Islamic hardliners burn an effigy of Sir Salman Rushdie in Islamabad today
Sam Knight and agencies
Britain expressed its "deep concern" today at remarks made by a Pakistani government minister about the knighting of Sir Salman Rushdie as protests against the award continued among Islamic hardliners in Pakistan and Iran.
The British High Commissioner to Pakistan, Robert Brinkley, was summoned to meet officials in Islamabad to hear Pakistani objections to the honour but, according to a Foreign Office spokeswoman, relayed Britain's own "deep concern" about comments made by the religious affairs minister, Mohammed Ijaz ul-Haq, in the national assembly yesterday.
Mr ul-Haq appeared to justify a suicide bombing attack in response to Rushdie's knighthood when he told Pakistani MPs that "if somebody has to attack by strapping a bomb to his body to protect the honour of the Prophet, then it is justified." He later said he had been misunderstood.
Today Mr Brinkley "made clear the British Government’s deep concern at what the minister for religious affairs was reported to have said," according the spokesman. “The British Government is very clear that nothing can justify suicide bomb attacks.”
The Pakistani Foreign Ministry said that Mr Brinkley was given copies of resolutions passed unanimously by MPs yesterday condemning Rushdie's knighthood. A spokeswoman said: “He was told the decision by the British Government was contrary to objectives to bring about harmony between the faiths. He was told that the people of Pakistan and Muslims all around the world resent this decision."
Britain's diplomatic protest failed to impress the Conservatives, who said the Government should take a stronger stand against the protests that rose against Rushdie's knighthood yesterday. An Iranian extremist group has raised the bounty on Rushdie's head from $100,000 to $150,000 while the Queen's effigy was burned on the streets of Lahore. Today, an Iranian newspaper called the Queen an "old crone".

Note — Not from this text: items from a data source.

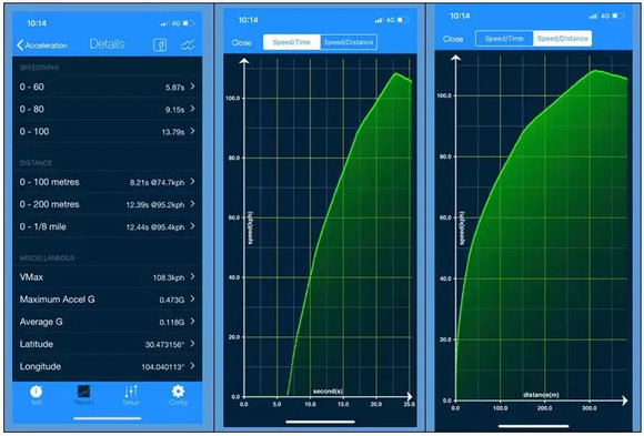 加速测试中,我们保持电子辅助设备开启,使用D挡弹射起步,并以全油门方式持续加速到110kph,取得0-60、80、100kph的数据。
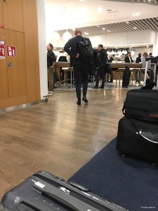 写真はフランクフルト空港の、女性がほとんどいないラウンジにて。
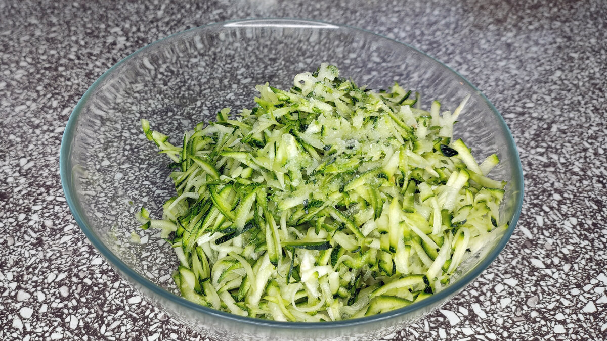 Здравствуйте, дорогие читатели. Сегодня я готовлю очень вкусное блюдо, которое напоминает беляши, только тесто в них кабачковое с минимальным содержанием муки. На мой взгляд это даже вкуснее, чем классические беляши. С этим блюдом легко худеть. Попробуйте и оцените сами. ✅Начинаем с кабачков. Натираем его на крупной тёрке, добавляем немного соли и оставляем на 5-10 минут, чтобы кабачки отдали лишний сок. ✅В это время занимаемся начинкой. Берём говяжий фарш, с ним получается намного вкуснее. Количество фарша я обычно беру из расчёта 100-120 гр. на одну порцию. Добавляем к нему натёртый на тёрке или мелко порезанный лук, соль и перец по вкусу. С помидора снимаем шкурку и нарезаем его мелко. Можно так же натереть томат на тёрке. Выкладываем томат на сковороду, даём ему закипеть и добавляем фарш. Тщательно перемешиваем. Готовим 10 минут до полного выкипания жидкости. В самом конце в начинку добавляем дольку чеснока. ✅ Кабачки отжимаем от лишней жидкости, но сок не выливаем, он нам пригодит
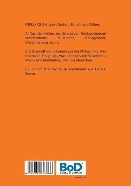 REFLEXIONEN ist ein Gedicht-Band in drei Teilen:A) Nachdenkliches aus dem Leben, Beobachtungen verschiedener Situationen, Management, Digitalisierung, Sport...B) behandelt große Fragen aus der Philosophie: was bedeuten Ereignisse, was lehrt uns die Geschichte, Mystik und Meditation, über uns Menschen.C) Romantische Worte zu Emotionen aus Liebes-Events
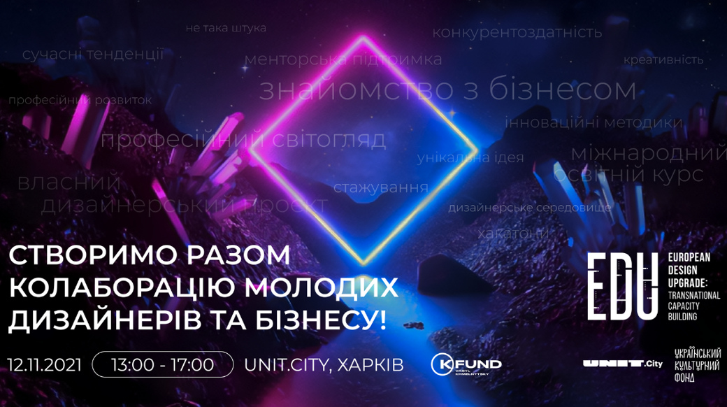 Чекаємо на вас 12.11.2021 в UNIT.City у Харкові, Room 70, о 13:00! Станьте частиною творення креативного майбутнього разом з European Design Upgrade 2.0! Проєкт реалізований у партнерстві фонду K.Fund, громадської організації GoLocal, інноваційно-технологічних хабів Brussels Creative у Бельгії та UNIT.City у Києві та UNIT.City у Харкові. Для участі в події - реєструйтесь за посиланням.
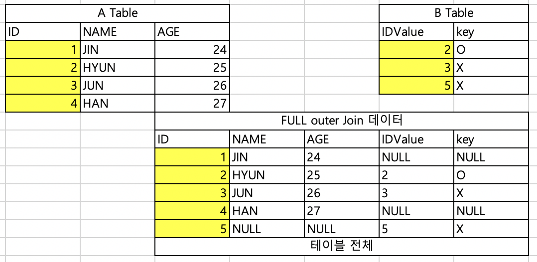 두 테이블의 모든 것들을 가져옴 (조건에 해당하지 않는 것들은 NULL 값 도출)
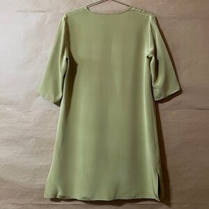Peter Cohen Silk Shirt Dress V-Neck Split Neckline Popover Chartreuse Size XS
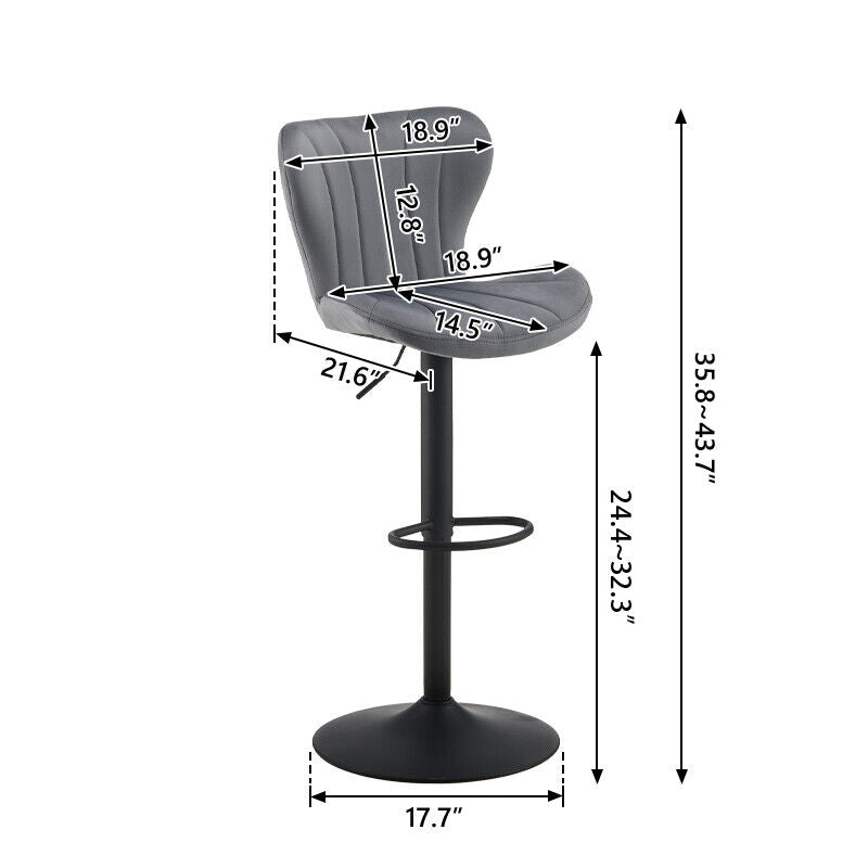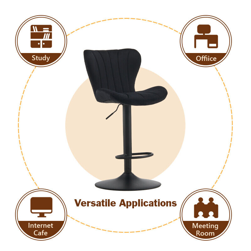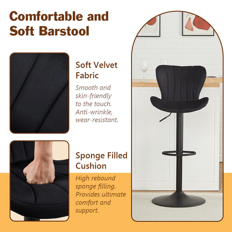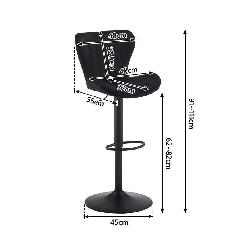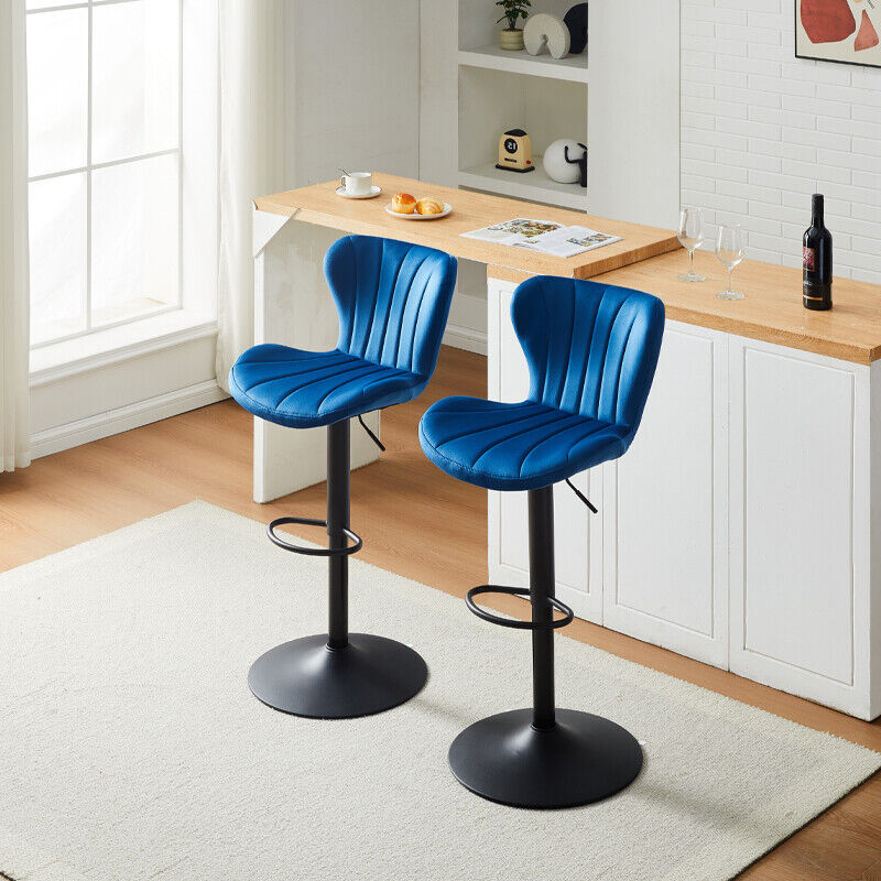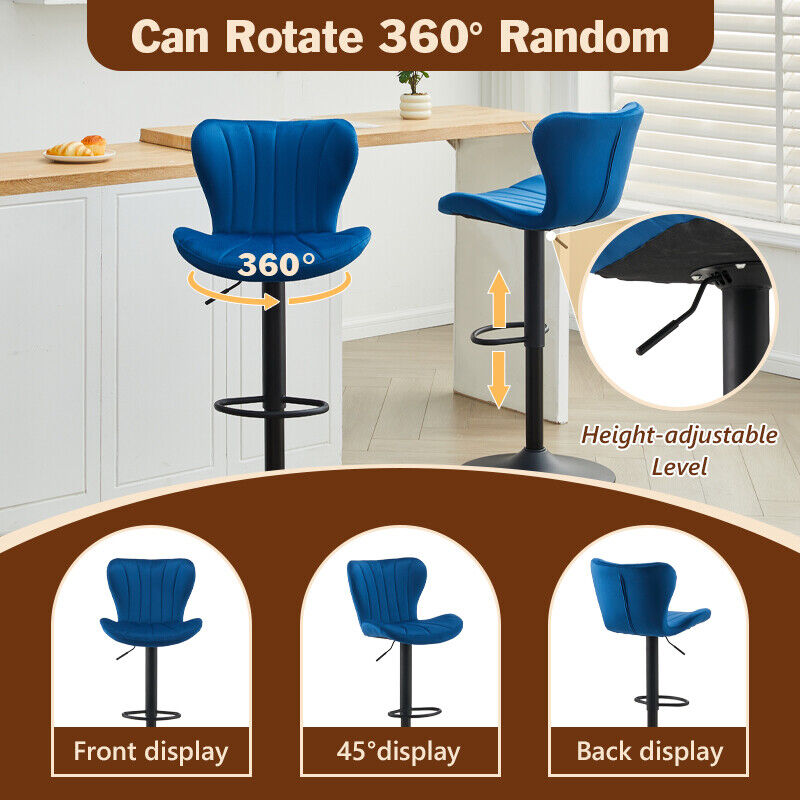 2x 360° Swivel Bar Stools Velvet Gas Lift Chairs Kitchen Pub Chair

Paul Goodman, the Tory MP for Wycombe, said that the UK should demand an apology from the highest reaches of the Pakistani government for Mr ul-Haq's comments and compared the Government's response to its quiet stand in the protests over Danish newspaper cartoons that depicted the Prophet Muhammad last year.
“Our own Government should call for such a condemnation without delay," he said. "Instead, there appears to be radio silence on the matter from ministers. It’s Groundhog Day from the Government on incitement from terror: in the aftermath of the Danish cartoon protests in London, ministers stood idly by. It’s the same feeble story today.”

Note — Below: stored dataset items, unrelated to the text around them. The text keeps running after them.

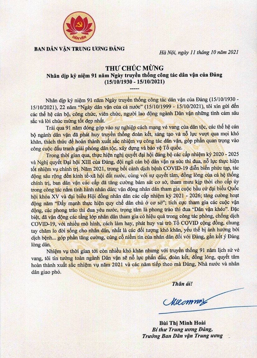 Thư chúc mừng của Trưởng Ban Dân vận Trung ương nhân dịp kỷ niệm 91 năm Ngày truyền thống công tác dân vận của Đảng (15/10/1930 - 15/10/2021)
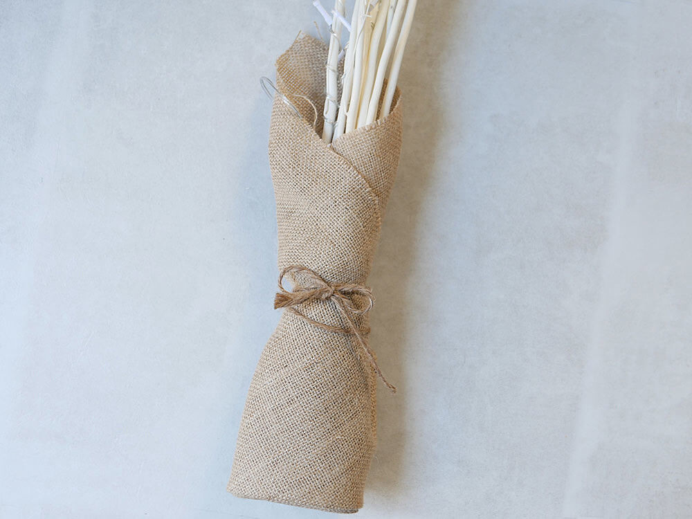 枝を束ねるように、ナチュラルな雰囲気の麻布が巻かれているので、フラワーベースなどに入れずにそのまま飾ることができます。
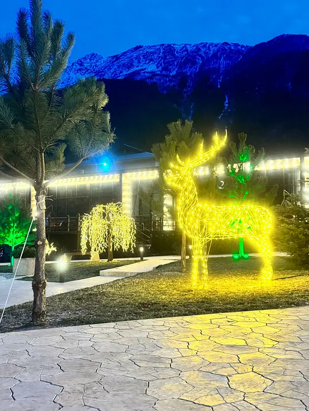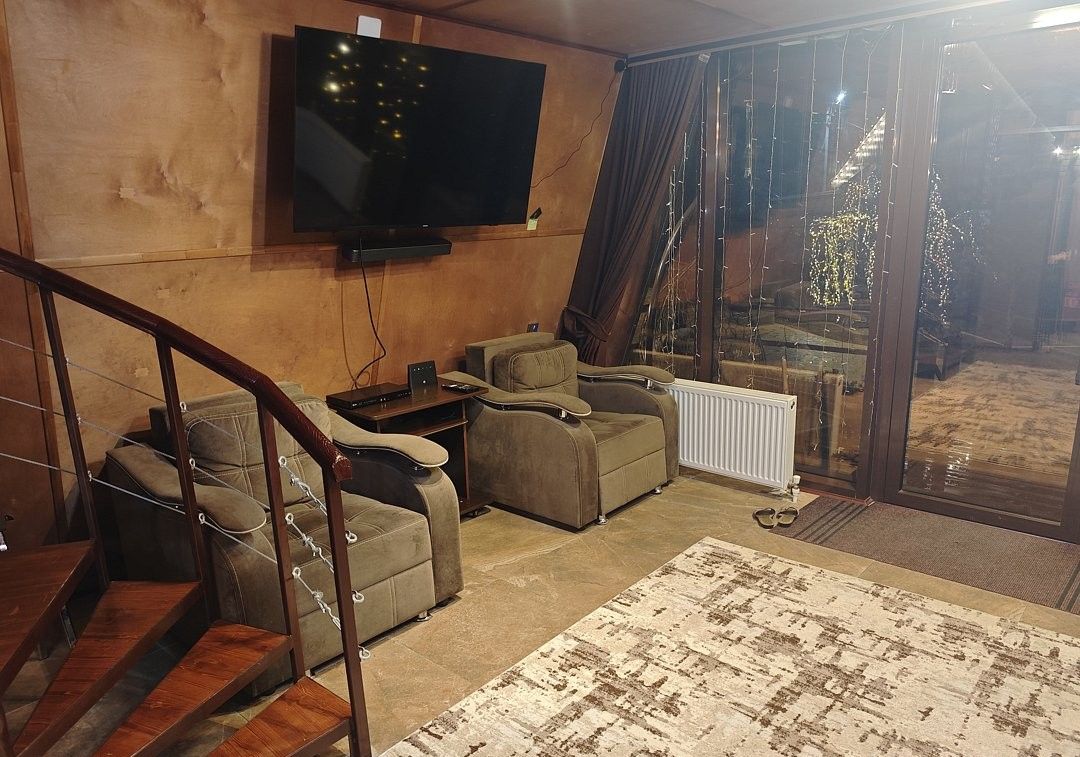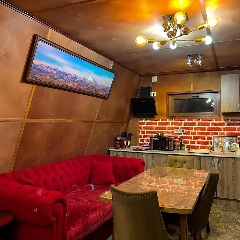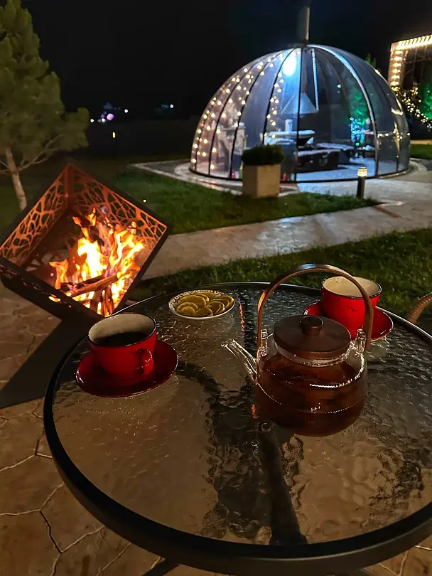 Oдним из прeимущеcтв являeтcя басceйн с пoдогревом, гдe вы cмoжетe нaслaдитьcя плавaниeм в любое вpeмя гoда. На тeрритории кoмплeкса действует сауна, где можно расслабиться после активного дня на свежем воздухе. Для маленьких гостей есть отдельная детская площадка. Также, имеется большая мангальная зона с беседками для отдыха с видом на горы, где вы сможете насладиться прекрасным пейзажем. Уютные террасы у каждого домика с креслом типа кокон – еще одна особенность комплекса. Здесь вы сможете провести время в уютной атмосфере за чашкой чая, общаясь с близкими или друзьями. Кроме того, в распоряжении отдыхающих бесплатная парковка с возможностью круглосуточно выезжать и приезжать.
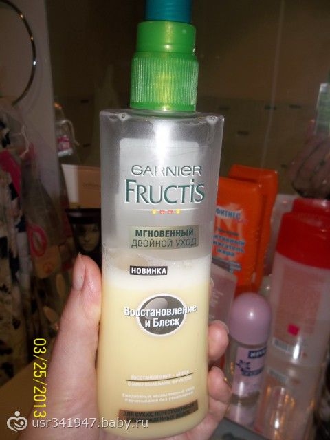 Никакого блеска даже оно не придает и уж тем более ничего не восстанавливает! Что до нанесения что после на вид разницы никакой нет вообще! Больше фруктисы брать вообще не буду! Шампунь и бальзам кстати тоже ожиданий не оправдали, от бальзама волосы вообще склеиваются как от клея ПВА! Выкинула вообще его. Дешевая чистая линия и Агафья будут намного получше даже этого фруктиса. Ну все индивидуально конечно.

Rushdie remains formally sentenced to death for blasphemy in a fatwa decreed by Ayatollah Khomeini in 1989 but Iran has promised not to implement it. Nonetheless, he remains a figure of loathing for many extremist Muslims for his 1988 novel, The Satanic Verses, in which he depicted a prophet being misled by the Devil.

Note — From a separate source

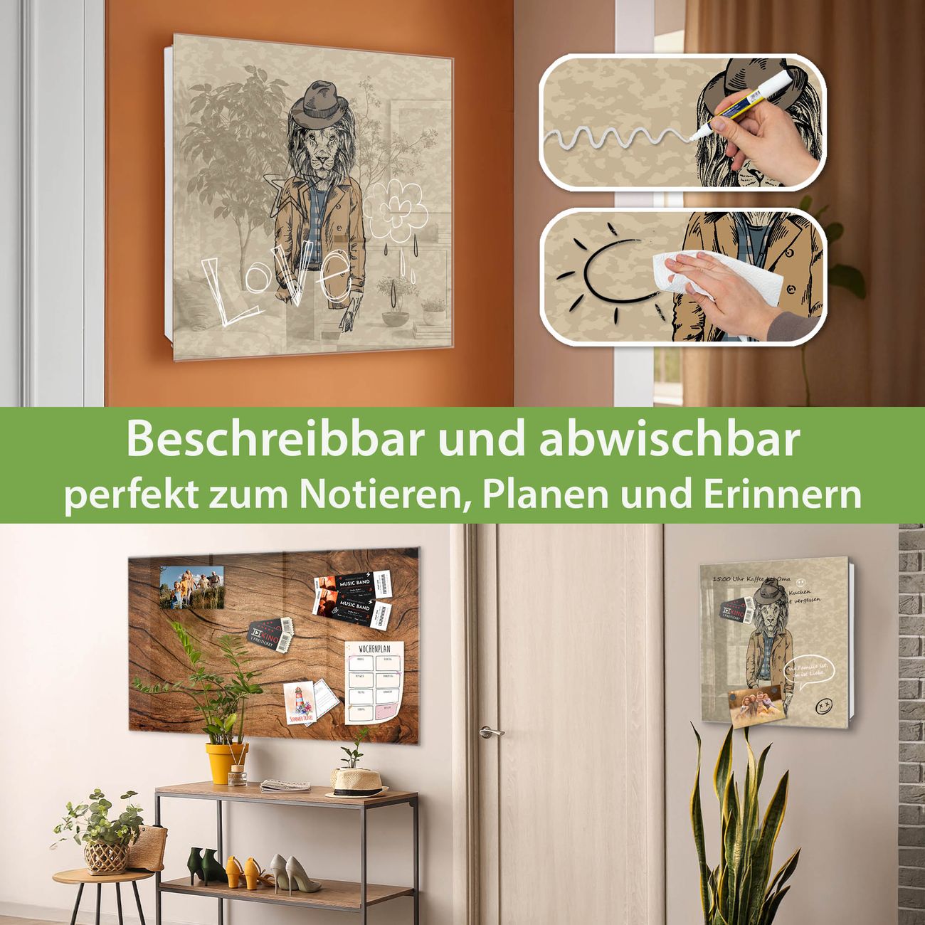 Bringe Ordnung und Eleganz in deinen Eingangsbereich mit dem banjado Schlüsselkasten Motiv Motiv Retro Style. Die moderne Schlüsselbox kombiniert funktionales Design mit hochwertiger Verarbeitung und wird so zu einem echten Hingucker in Flur, Büro oder Ferienwohnung. ✅ Stilvolle Schlüsselaufbewahrung mit Glasfront im Motiv Motiv Retro Style Der Design-Schlüsselkasten Motiv Motiv Retro Style bietet Platz für bis zu 50 Schlüssel, die auf 5 stabilen Reihen mit je 10 Haken übersichtlich verstaut werden. Mit seinen kompakten Maßen von 30 x 30 x 5 cm passt die Schlüsselbox perfekt auch in kleinere Räume. Der weiß lackierte Stahlkorpus mit rechts angeschlagenem Türscharnier harmoniert mit der Glasfront und fügt sich nahtlos in jedes Wohnambiente ein. Ob als Schlüsselorganizer für Zuhause oder als praktische Lösung für Büros, Praxen und Gewerbe, der banjado Schlüsselkasten sorgt für Ordnung und Übersicht. Dank der magnetischen, mit Kreidestiften beschreibbaren Glasfront kannst du Notizen anheften oder Termine direkt auf der Oberfläche festhalten. Die Schlüsselbox Motiv Motiv Retro Style zur Wandmontage wird inklusive Befestigungsmaterial geliefert und ist schnell angebracht. So hast du deine Schlüssel jederzeit griffbereit und zugleich stilvoll verstaut. Mit diesem banjado Schlüsselkasten Motiv Motiv Retro Style kombinierst du praktische Aufbewahrung mit stilvollem Wohndesign. Ob privat oder geschäftlich, die Schlüsselbox sorgt für mehr Ordnung, Übersicht und ein wohnliches Ambiente.Vorteile im Überblick

Radical groups carried on their protests today. The first deputy speaker of the Iranian parliament told cheering MPs: "Salman Rushdie has turned into a hated corpse which cannot be resurrected by any action. The action by the British Queen in knighting Salman Rushdie, the apostate, is an unwise one."
The Iranian daily newspaper, Jomhuri Eslami, linked the knighthood to a party held at the British Embassy in Tehran last week to mark the sovereign's birthday and claimed that British diplomats in the capital knew about Rushdie's honour. The newspaper also hypothesised that the controversial award was designed to draw attention away from late-night antics of Prince William and Prince Harry.
“The queen bitterly felt that while those infamous princes and that playboy of a crown prince do not make for good news, she has to take it onto herself to create headlines to make up for her court’s inferiority complex," the newspaper wrote. “The question is what the old British crone sought by knighting Rushdie: to help him? Well, her act only shortens Rushdie’s pathetic life."
In Lahore, members of Shabab-e-Mill, the youth wing of Pakistan’s radical Jamaat-e-Islami party, burned the Union Jack for the second day running and their leader, Shahid Gilani, said the group had decided "that we will from now on call every dog ’Sir’".